Even so, we find no basis for disturbing the circuit court's damages award. For one thing, it was Cuesport's burden, as the party challenging the reasonableness of the liquidated damages award, Barrie School, 401 Md. at 507, to show that Critical Developments' efforts to repair the demising wall and bring it into compliance with the code were not performed within a reasonable time, and it has failed to meet that burden.

We should note that the implication of Cuesport's position is that Critical Developments unduly delayed taking actions to cure the deficiencies in Unit 4. But this implication finds no support in the evidence and it furthermore does not comport with the obvious incentive Critical Developments had to resolve the problems with Unit 4 as soon as reasonably possible, since it had just agreed to pay $470,000 for that property and was responsible for mortgage expenses of some $3,800 per month, but could not use the property for any profitable purpose.
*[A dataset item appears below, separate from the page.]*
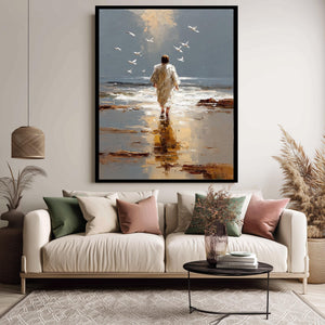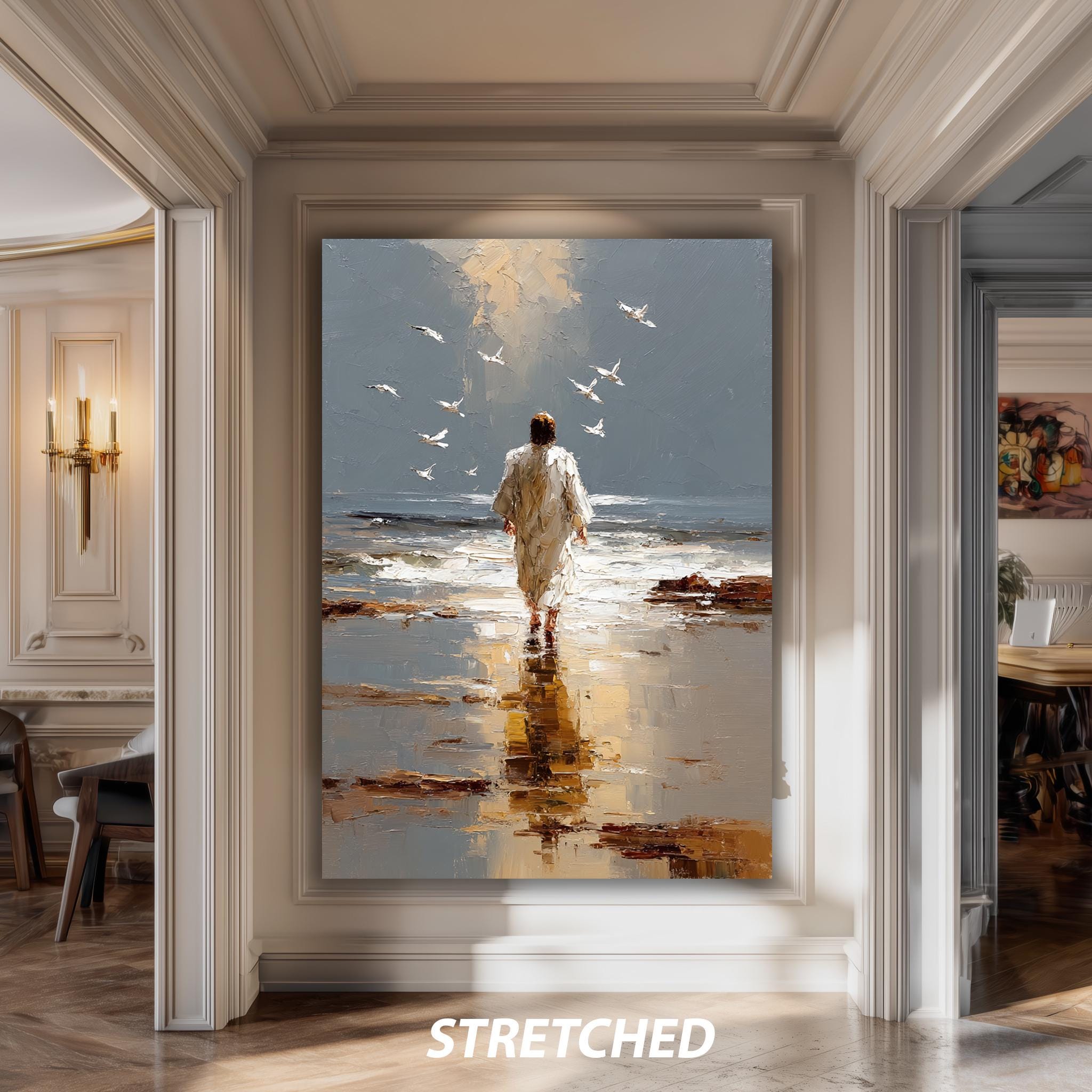 DreamLineCanvas ensures every piece meets museum-quality standards through advanced printing technology that preserves color vibrancy and detail clarity. Our dedicated customer support team welcomes custom size and design requests to help you find the perfect fit for your home or office. Choose this Jesus Walking on Water Art print to enrich your environment with a timeless symbol of faith and divine presence.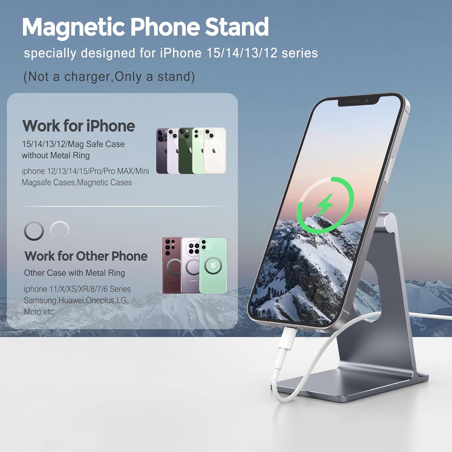 Magnetic Phone Stand for Desk: This magnetic phone stand is specially designed phone magnet for desk. This magnetic phone stand can hold iPhone16 15 14 13 12 pro max plus mini phones directly; This magnetic phone holder for desk also works for Original Official MagSafe case and other brands’ built-in MagSafe cases, no need to use the additional magnet plates. Most Popular Gift for families and friends.

In fact, Gregory Lilly, president of Critical Developments, LLC, testified that he "was a dead duck in the water" because he could not obtain an occupancy permit for Unit 4 and could not legally operate his business from that site until the demising wall was rendered code-compliant and electrical service was installed, neither of which was performed on time by Cuesport Properties despite its contractual duty to do so. Although Cuesport's failure to timely install electrical service, unlike its failure to timely provide a properly built demising wall, did not fall within the scope of the liquidated damages provision in the agreement of sale, its breach of the electrical service requirement nonetheless had a direct and adverse impact on Critical Developments' ability to use its property, and furthermore, as the court below found, both deficiencies existed nearly contemporaneously, until the beginning of April 2009. It is clear that the circuit court did not, without reflection, simply multiply 260 by $126 per day but took into consideration whether the damages award was reasonable. Under these circumstances, the circuit court's decision to deny damages for Cuesport's breach of the electrical service requirement while awarding liquidated damages for the entire 260-day time period from the date of the contractual deadline until the date that modification of the wall was completed was an appropriate exercise of judgment and reflected that court's sensitivity to "equitable considerations."

As a consequence, we shall affirm the circuit court's judgment in its entirety.

JUDGMENT OF THE CIRCUIT COURT FOR ANNE ARUNDEL COUNTY AFFIRMED. COSTS TO BE PAID BY APPELLANT.